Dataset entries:
▬▬▬

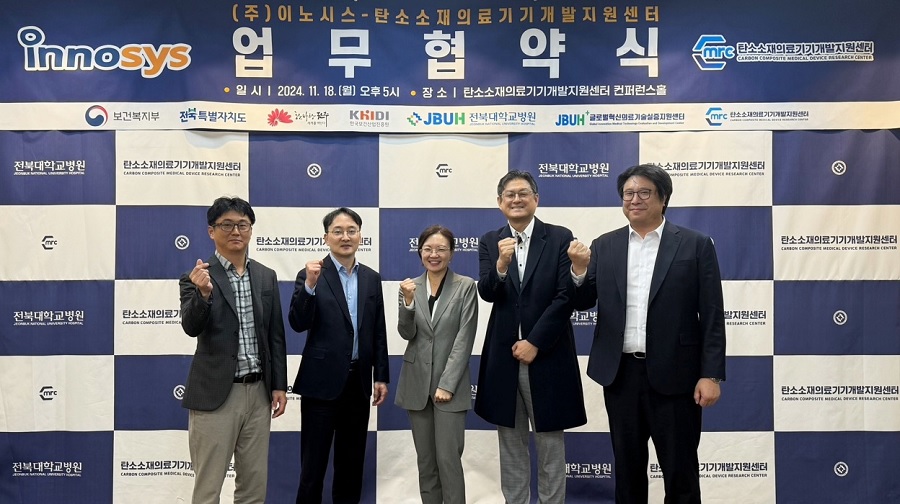 정형외과 임플란트 연구제조 전문기업 이노시스(대표이사 정주미)가 지난 18일 전북대학교병원(병원장 양종철) 탄소소재의료기기개발지원센터(센터장 한갑수)‧글로벌혁신의료기술실증지원센터(센터장 윤선중)와 협력하여 국내는 물론 아시아 최초로 탄소소재 척추 임플란트를 개발해 국산화를 실현하기 위한 업무협약(MOU)을 체결했다고 밝혔다.
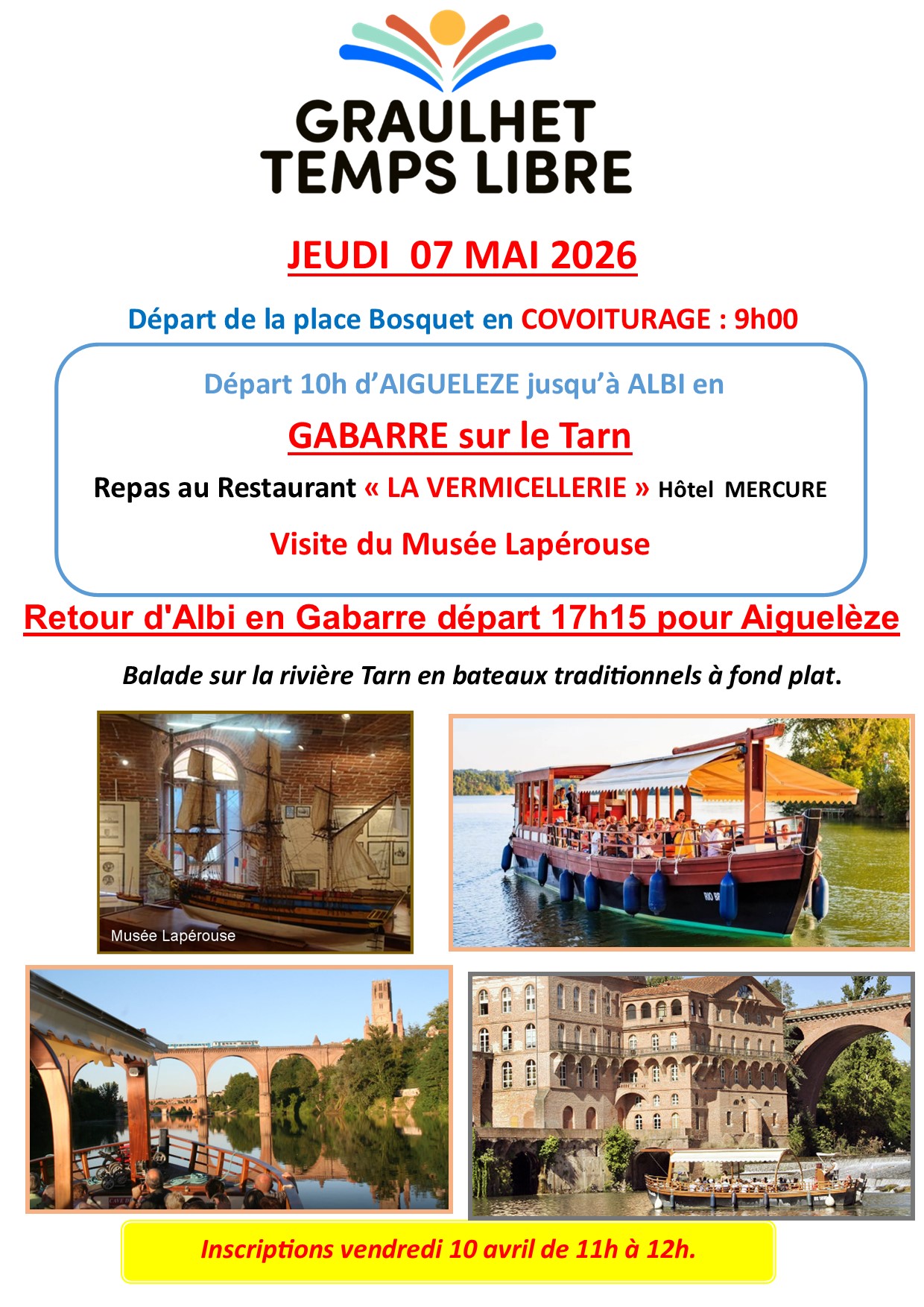 Flyer : Jeudi 07 mai – « Gabarre sur le Tarn » ( covoiturage)
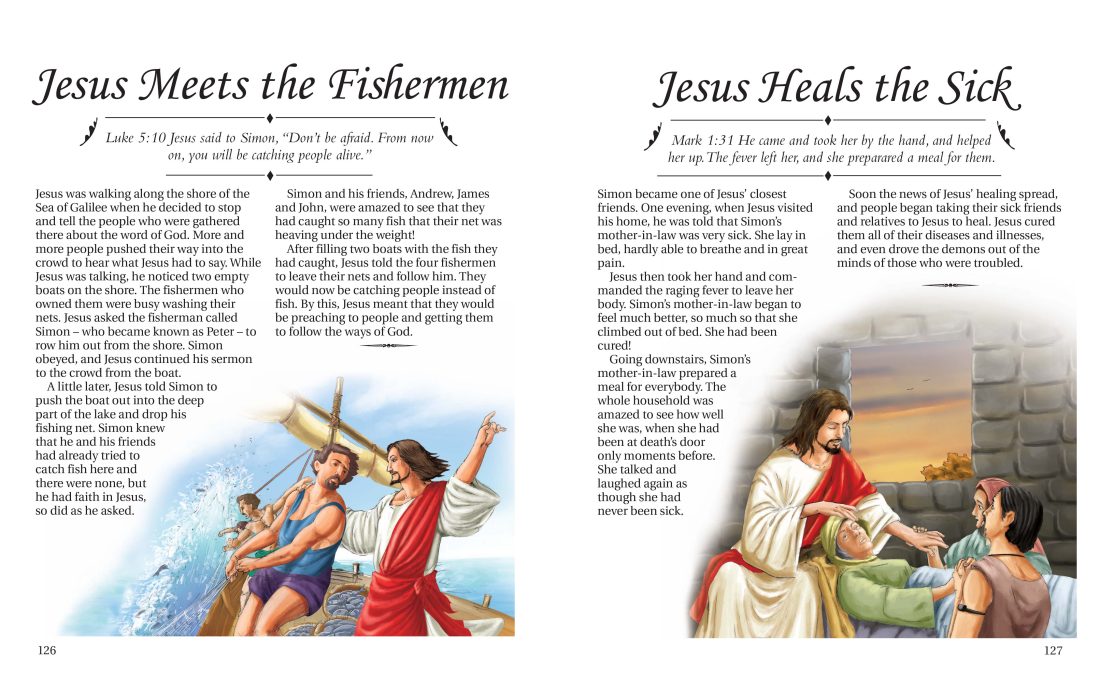 This beautiful hardback edition brings together over 138 Bible stories for younger readers, presented with full-colour illustrations and attractive printed page-edges. From The Creation to Noah’s Ark, and The Feeding of the Five Thousand to The Sermon on the Mount, this beautiful, fully illustrated collection of stories from the Old and New Testaments brings Christian teaching to life for a new generation. This edition also contains a useful reference section about people, places, and key terms to help children get the most out of these exciting and treasured stories. ABOUT THE SERIES: Arcturus Deluxe Children’s Classics are exquisitely designed hardcover editions of classic children’s literature, beautifully presented with full-colour illustrations, stencilled page-edges, and decorative endpapers. Together, they make a wonderful entryway into these best-loved classics that children can treasure forever.
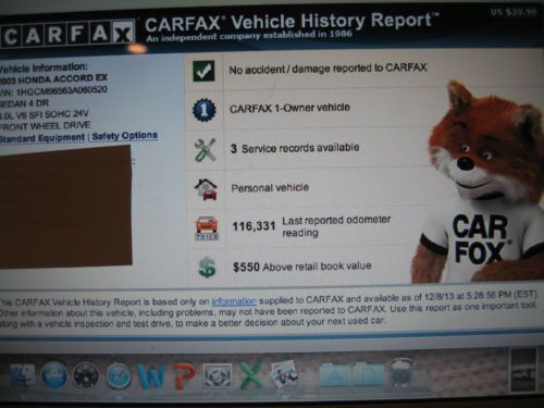 2003 Accord Ex - L V6 4 Door Clean Carfax 1 Owner No Reserve on 2040-cars
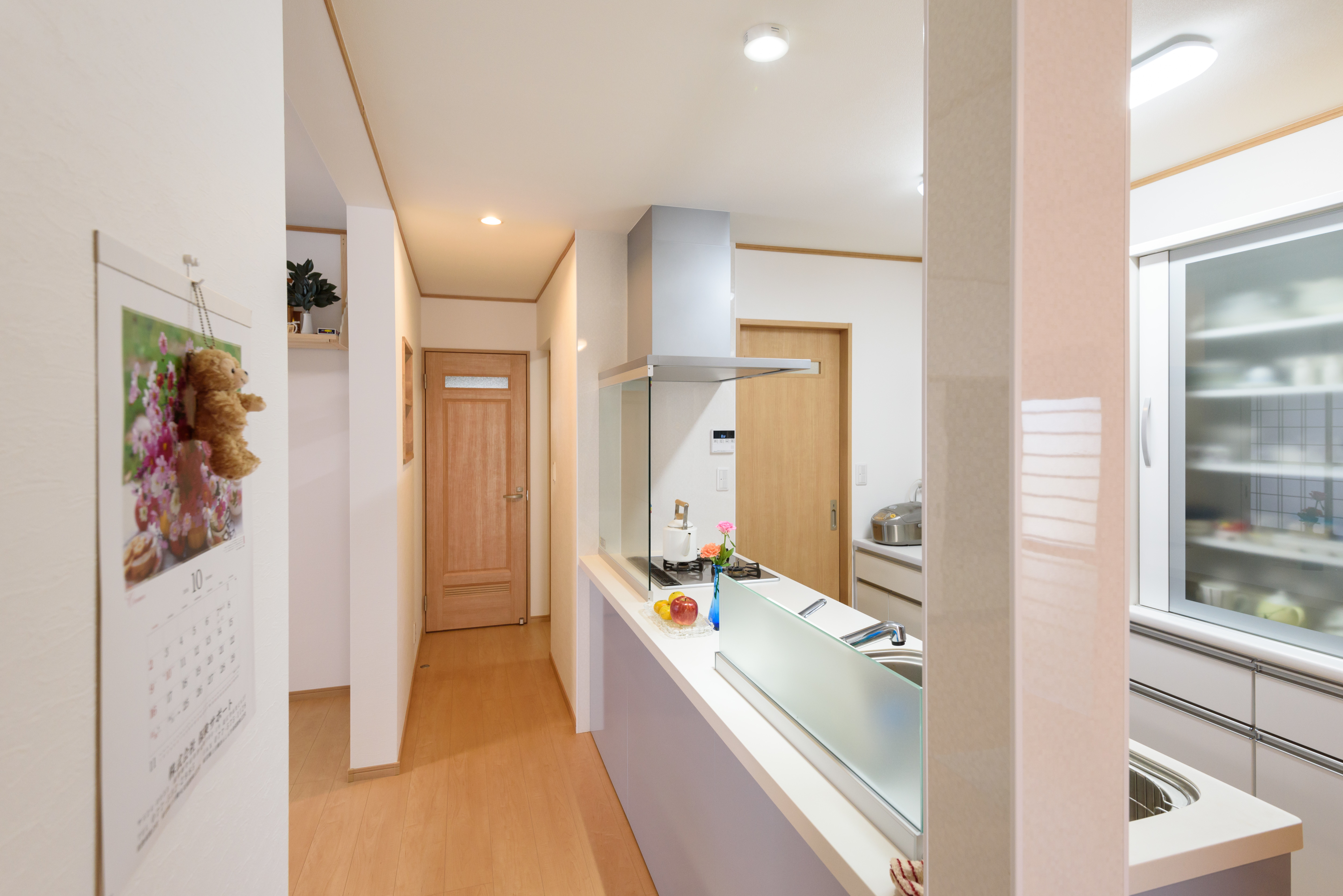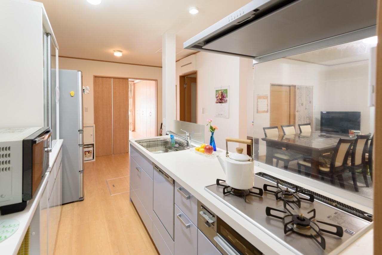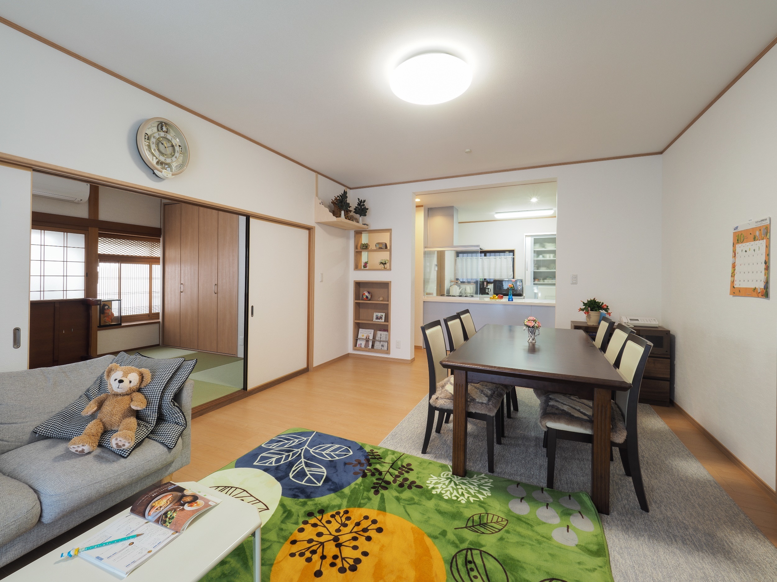 家事動線の中心に配置したキッチンからの眺めも一新して、お孫さんたちとも対話が楽しめるLDKになり、お料理上手なお母様にとても喜んでいただきました。

▬▬▬

[ABOUT THIS EXERCISE] Starting at the line that contains "2003 Accord Ex", write out every line through the final line of the entries, word for word; skip any pictures.

[SOLUTION FOR THIS EXERCISE]
 2003 Accord Ex - L V6 4 Door Clean Carfax 1 Owner No Reserve on 2040-cars
 家事動線の中心に配置したキッチンからの眺めも一新して、お孫さんたちとも対話が楽しめるLDKになり、お料理上手なお母様にとても喜んでいただきました。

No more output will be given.